Dilma Rousseff não gostou do artigo de FH, quis demarcar terreno para deixar bem claro que não flerta com a oposição e é fiel ao seu campo político.
Pretendeu também reforçar a posição do PT nesses tempos difíceis de julgamento penal do sistema que o partido escolheu para se sustentar no poder logo depois de conquistar a Presidência sem maioria no Parlamento.
A presidente pecou ao não enfrentar o debate tal como FH propunha no texto. Mas, até aí, trata-se de um ponto de vista. Se Dilma considera a ética algo irrelevante, pior para a composição do perfil de austeridade que lhe confere popularidade.
No pronunciamento que fez no dia 7 de setembro, em espaço reservado à chefia da Nação, entretanto, a presidente ultrapassou a fronteira do aceitável e extrapolou de suas prerrogativas ao valer-se do púlpito institucional para pronunciar-se em termos de palanque.
Embora tenha direitos iguais, a presidente da República tem deveres a mais em relação ao conjunto da sociedade cuja maioria a elegeu, mas que não é composta só de correligionários.
Para traduzir o conceito em números e tornar a obviedade ainda mais visível: ao fim da eleição de 2010, Dilma havia contabilizado 55 milhões 752 mil 529 votos e seu oponente José Serra, 43 milhões 711 mil 388. Em porcentuais, 56,05% dos eleitores ficaram com ela e 43,95% preferiram o candidato adversário.
Isso depois de dois mandatos de Lula durante os quais a oposição não fez esforço para se opor e a impressão geral era a de que as forças governistas reinavam unânimes no País.
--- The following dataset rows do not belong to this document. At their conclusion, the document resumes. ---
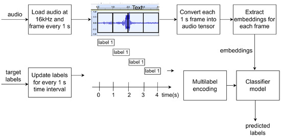 Overview of data processing for classifier. The input audio signal must be filtered and resampled to a sampling frequency of 16 kHz since BEATs accepts audio sampled at this frequency. A window of 1 s duration is applied on the input audio to obtain frames of length 1 s. These frames are converted to tensor format and fed into the BEATs model to generate embeddings for each frame. The annotations must also be updated for every 1 s duration. In the multi-label encoding stage, they are converted to a binary matrix that contains the presence (1) or absence (0) of each class/label for each 1 s frame. The classifier is trained to classify the embeddings corresponding to one second of input audio from these reference labels in a supervised learning format.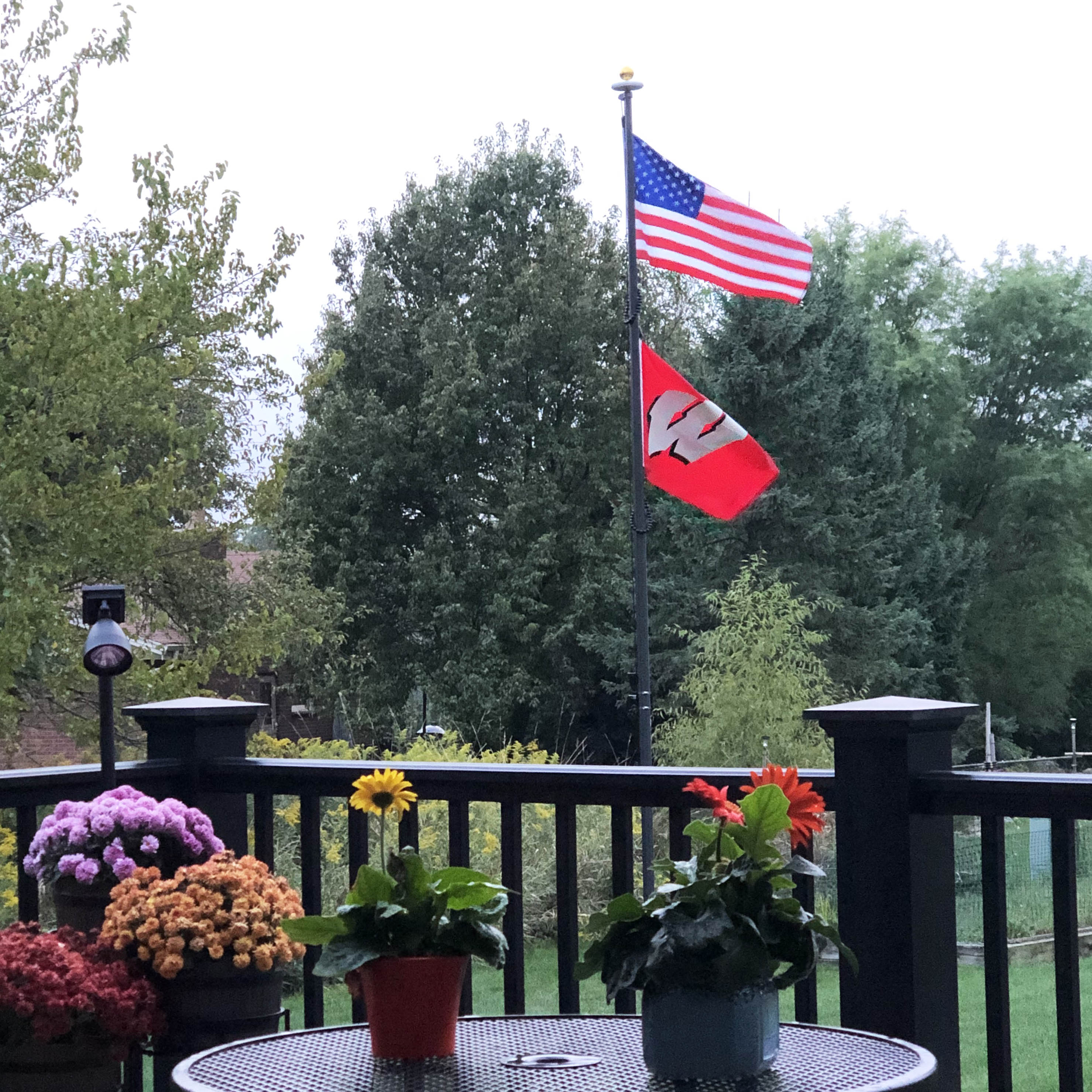 20' black external halyard flagpole. Flying a 3x5' U.S. nylon flag and a 3x5' University of Wisconsin flag.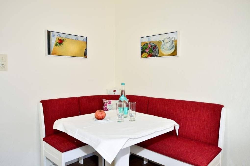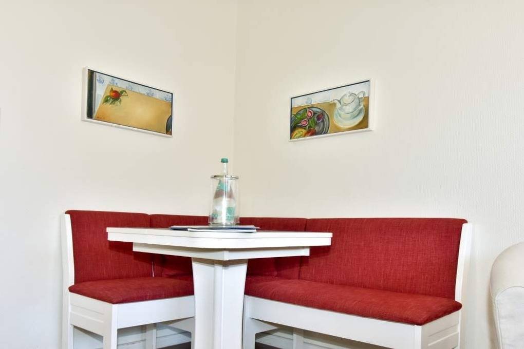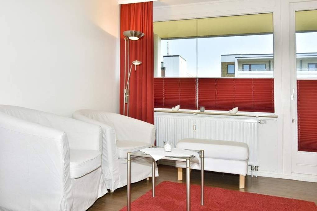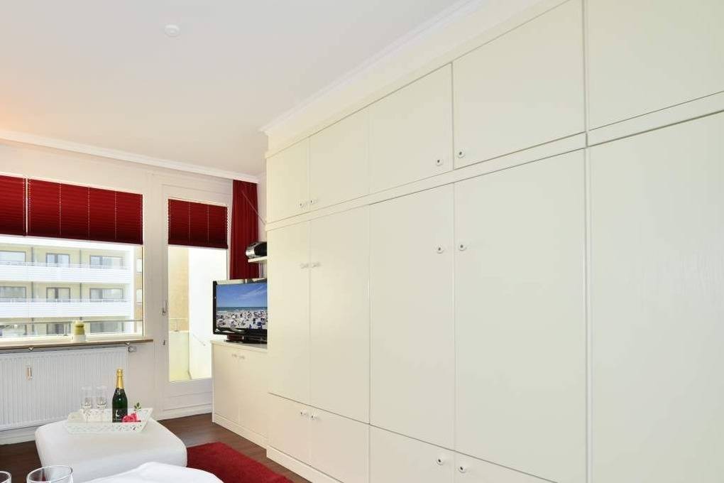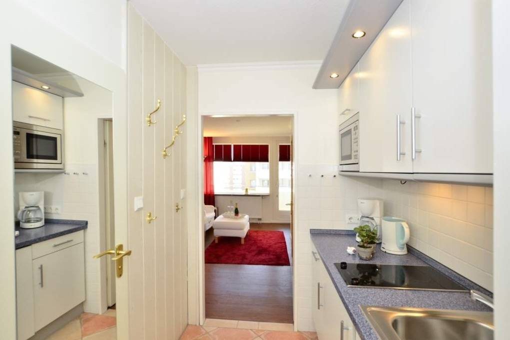 Komfortabel eingerichtete 1-Zimmer-Nichtraucher-Ferienwohnung ca. 23 qm in der 4. Etage zur Landseite mit Ostloggia (Morgensonne, mit Balkonmöbeln und Auflagen) für max. 2 Personen.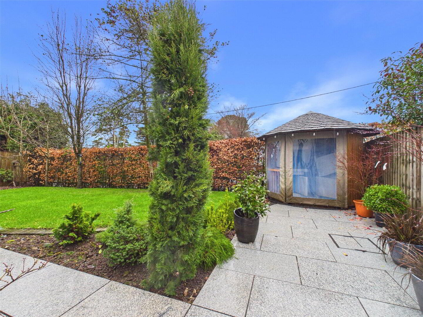Externally, the property is equally well presented. A private driveway provides off-road parking and leads to a larger-than-average garage, offering excellent storage or workshop potential. The front garden is laid to lawn with useful sheds discreetly positioned, while the rear garden provides a peaceful and enclosed setting, mainly laid to lawn with a patio area, perfect for al fresco dining. A charming summer house further enhances the outdoor space, offering flexibility for relaxation, hobbies or entertaining.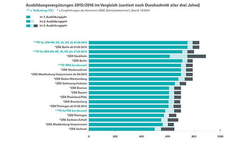 Stattdessen handelte der VmF auf Länderebene Tarifverträge mit einigen Bundesländern aus. Dazu gehören Hamburg, Hessen, das Saarland und Westfalen-Lippe. Dort erhielten die angehenden ZFA 2015 im ersten Ausbildungsjahr 710 Euro, im zweiten 750 Euro und im dritten 800 Euro monatlich an Gehalt. Um einen Überblick über die Vergütungen für ZFA in den Bundesländern ohne bestehende Tarife zu erhalten, fragt der VmF regelmäßig bei den Zahnärztekammern der Länder nach deren Empfehlungen (siehe Grafik).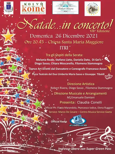 Si terrà il prossimo 26 Dicembre 2021, alle ore 20.45, presso la Chiesa di Santa Maria Maggiore ad Itri: la VII edizione di “Natale…in Concerto“.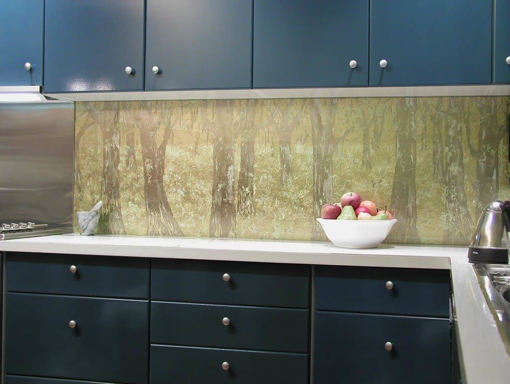 Многие считают это идеальным решением. Установка стеновой панели на кухне не будет дешевой, но стеклянные поверхности отличаются стойкостью перед колебаниями температур, прочностью и долговечностью. Им не страшна влага, а все загрязнения быстро очищаются. Только придется регулярно протирать стены, чтобы не были видны подтеки.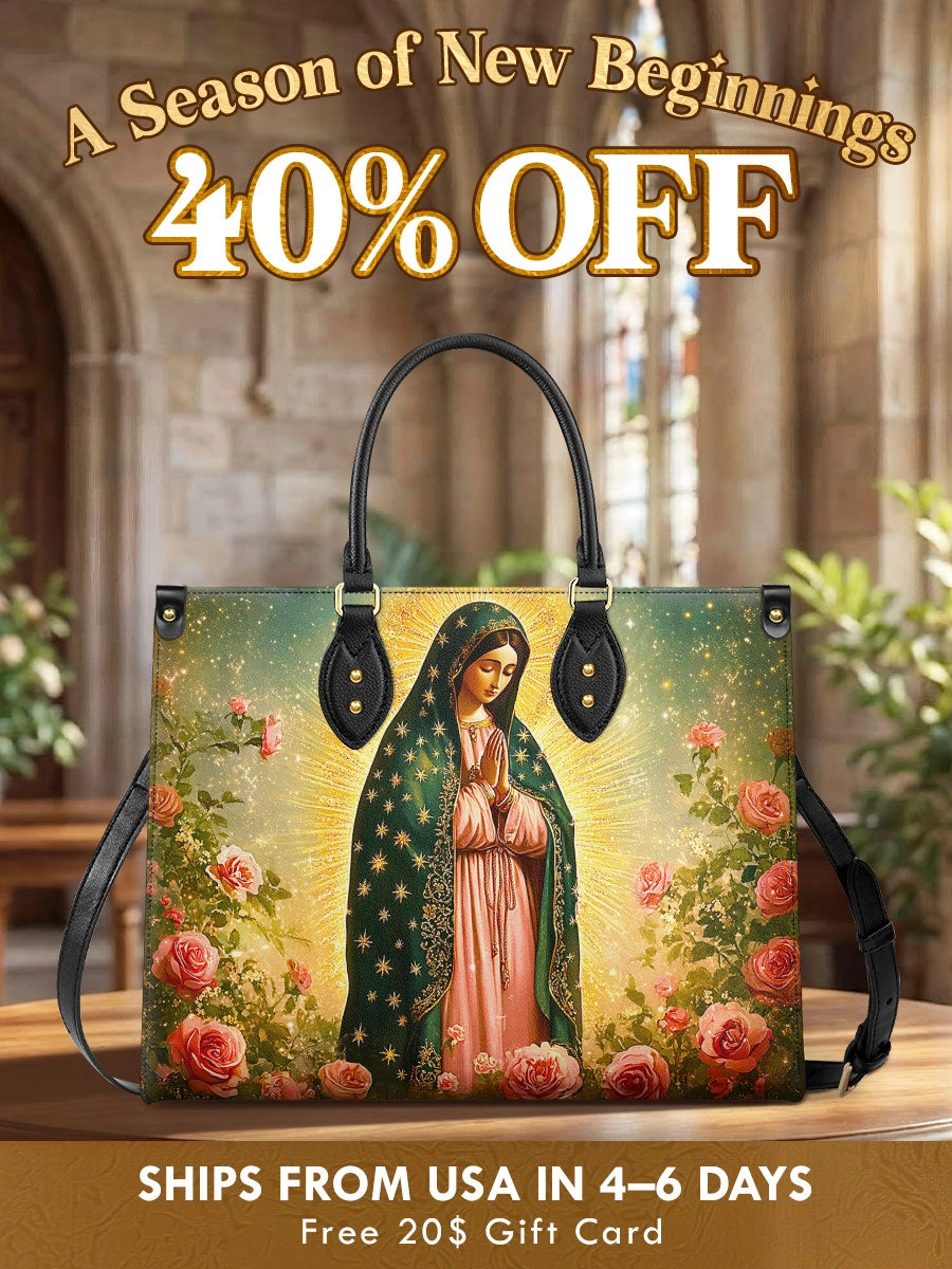 This stunning leather bag features a radiant depiction of Our Lady of Guadalupe, surrounded by a halo of golden light that symbolizes her divine grace and compassion. Dressed in her iconic emerald green mantle adorned with delicate stars, and a soft rose-colored gown, the Blessed Virgin stands in a serene posture of prayer, exuding peace and maternal love. Vibrant pink roses bloom around her, reflecting the miraculous roses of her apparition to Saint Juan Diego, symbolizing faith, hope, and the beauty of God’s miracles.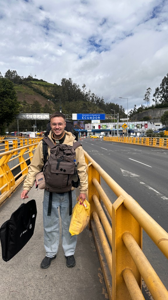 Statt nach Ecuador zu fliegen, entschieden Leon und ich uns diesmal für einen anderen Weg: Mit dem Bus bis zur kolumbianischen Grenze – und dann zu Fuß rüber. Es war aufregend und irgendwie cool. Vor Ort lief alles problemlos, auch wenn einem manche Leute versuchen wollen, teure Taxis aufzuschwatzen – angeblich zur Sicherheit. Aber: Der Grenzübergang dauert nur ein paar Minuten, Polizei ist genug da, und die Fragen bei der Migration sind dieselben wie am Flughafen. Nur dauert alles gefühlt fünfmal so lange.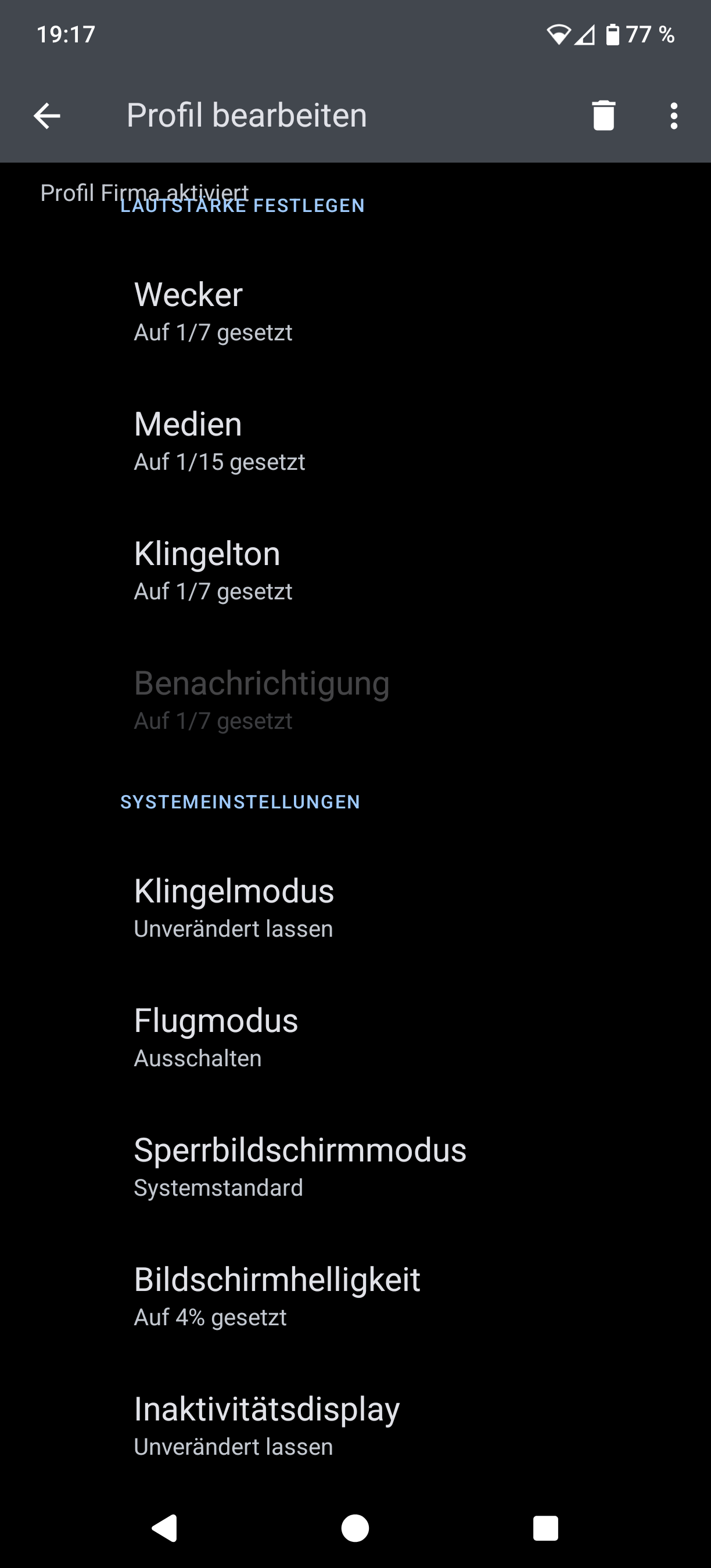 Ich habe eine Fehler in den Systemprofilen gefunden. Stelle ich eine Displayhelligkeit ein und den Schalter überschreiben, z.B. 3 % und aktiviere dann dieses Profil, dann ändert sich die Helligkeit. Aber nicht auf 3% sondern auf 33%.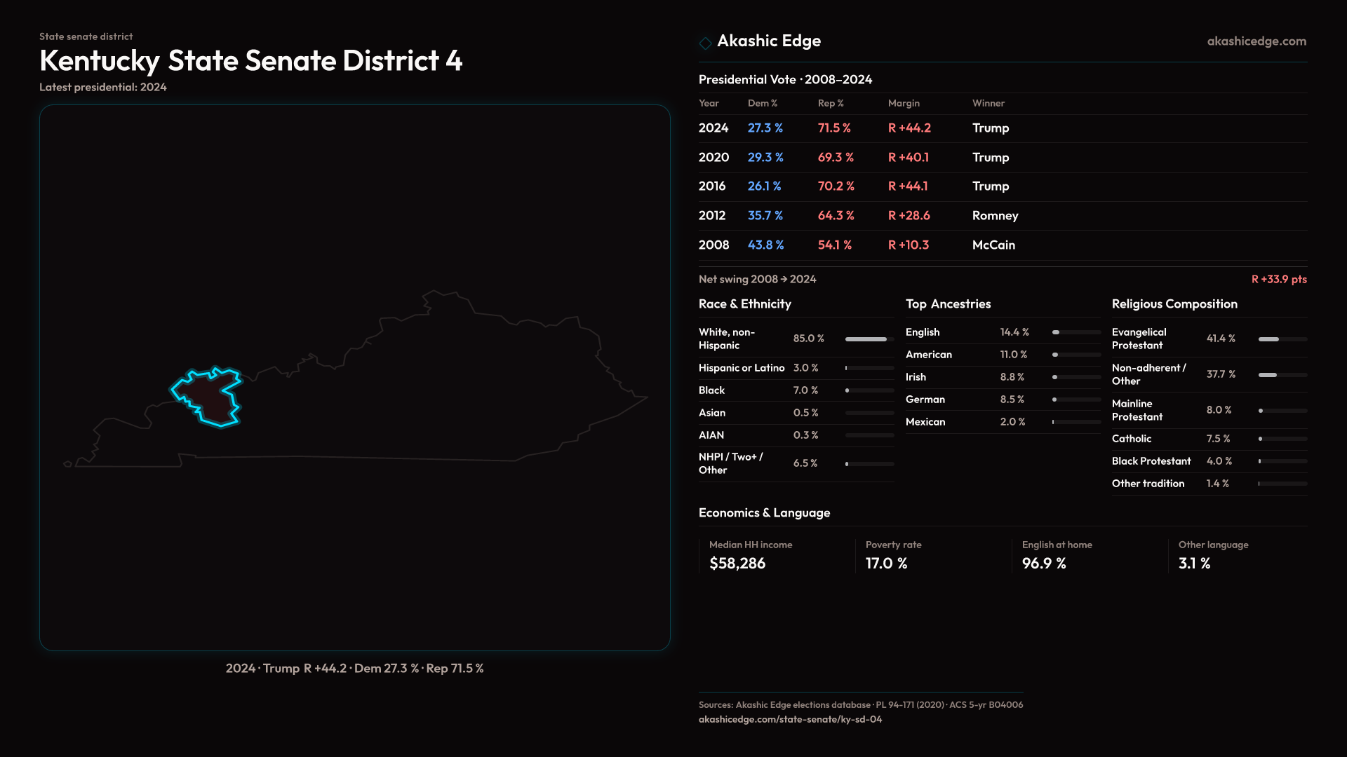 Who lives in Kentucky State Senate District 4? 116,901 residents as of the 2020 Census.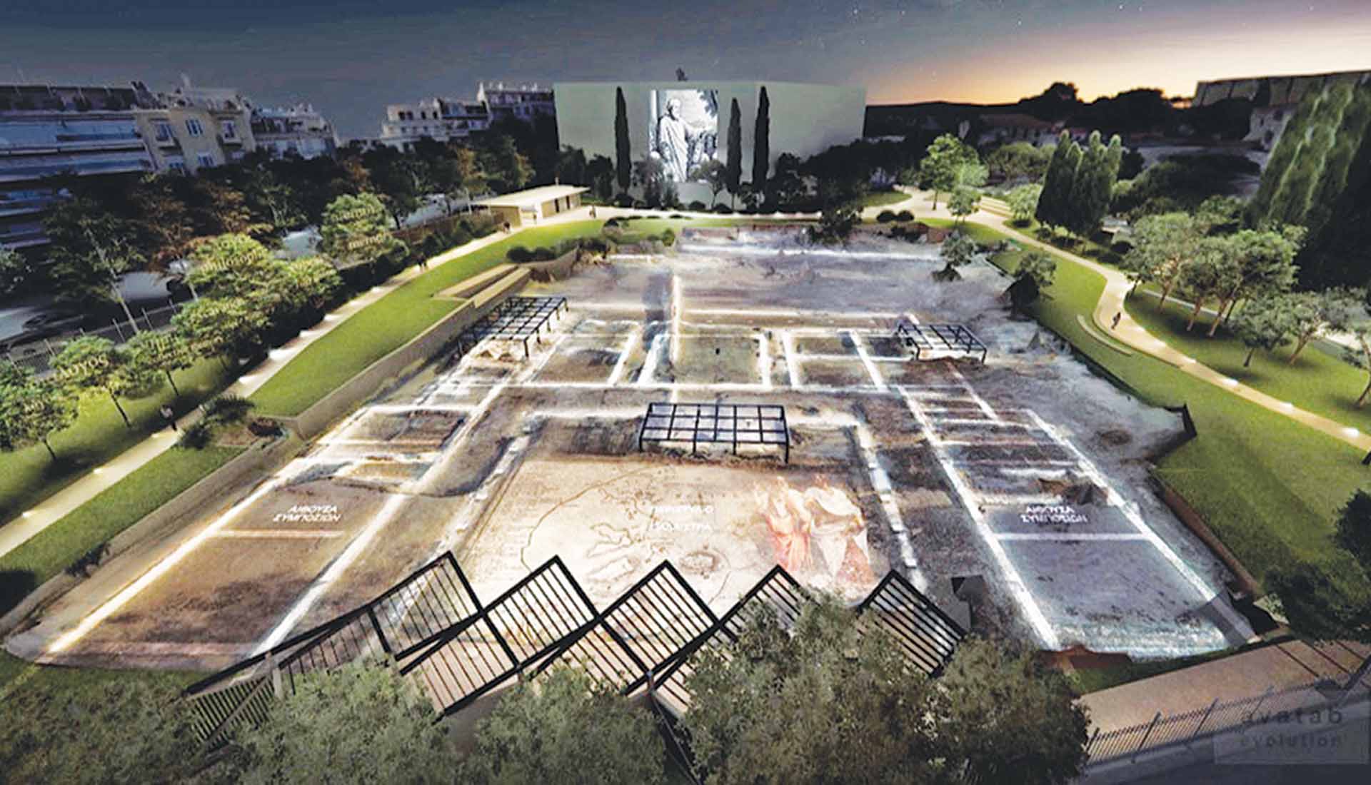 Κατά την ίδια περίοδο εντάχθηκαν, στο βορειοανατολικό και βορειοδυτικό τμήμα της παλαίστρας, τα λουτρά που πιθανότατα αντικατέστησαν τους προγενέστερους λουτρώνες των κλασικών χρόνων. Πιθανώς όλος ο χώρος επεκτεινόταν έως την πλατεία Κολωνακίου. Το έργο υλοποιείται κατόπιν εκτεταμένου τρισδιάστατου ψηφιακής τεκμηριώσεως του χώρου, σε συνδυασμό αεροφωτογραμμετρίας, στατικής σάρωσης λέιζερ και κινητής φωτογραμμετρίας. Παραπλεύρως της εισόδου χωροθετείται επίμηκες κτίριο υποδοχής των επισκεπτών, που αναπτύσσεται παραλλήλως με την οδό Ρηγίλλης. Δημιουργούνται, από το Ωδείο, στο νότιο τμήμα του αρχαιολογικού χώρου, δευτερεύουσα είσοδος και στάση επισκεπτών.

Não reinam e é ótimo que assim seja. Em nome da pluralidade, da alternância e de todos os primados dos Estados fundados no Direito.
A presidente, porém, nessa sua nova inflexão de gestora para líder política adentra um gramado onde Lula atuou usando e abusando da apropriação do Estado como instrumento de partido.
Com isso contraria o empenho do departamento de propaganda do Planalto em acentuar traços e modos que a distanciam das exorbitâncias do antecessor. Repete o ex-presidente em seus piores momentos.
Curto prazo. Se comparadas com as duas indicações anteriores, a escolha do ministro Teori Zavascki para o Supremo Tribunal Federal deu-se em tempo surpreendente: dez dias a contar da data da aposentadoria de Cezar Peluso.
A primeira, de Luiz Fux, levou sete meses, de julho de 2010 a fevereiro de 2011, e a segunda, de Rosa Weber, demorou de agosto a novembro.
Em tese haveria tempo de o novo ministro assumir antes do fim do julgamento. Fux e Weber foram sabatinados pelo Senado e tomaram posse no prazo de mais ou menos um mês após a indicação.
Quanto à participação, se o calendário eleitoral não atrasar a sabatina, há três hipóteses: julga normalmente, não se considera apto por falta de familiaridade com os autos ou, na mais improvável delas, pede vista do processo.
A rapidez não parece ter tido o intuito de recompor o quórum de 11 ministros, mas antes não fomentar especulações sobre eventual mudança de critério na escolha de ministros diante do rumo que vem tomando o julgamento.
Em favor da presidente, registre-se que deu prioridade à biografia jurídica em detrimento da folha de serviços prestados pelo escolhido ao governo e ao PT. Dilma acertou com Rosa Weber e Luiz Fux e pode ter acertado de novo.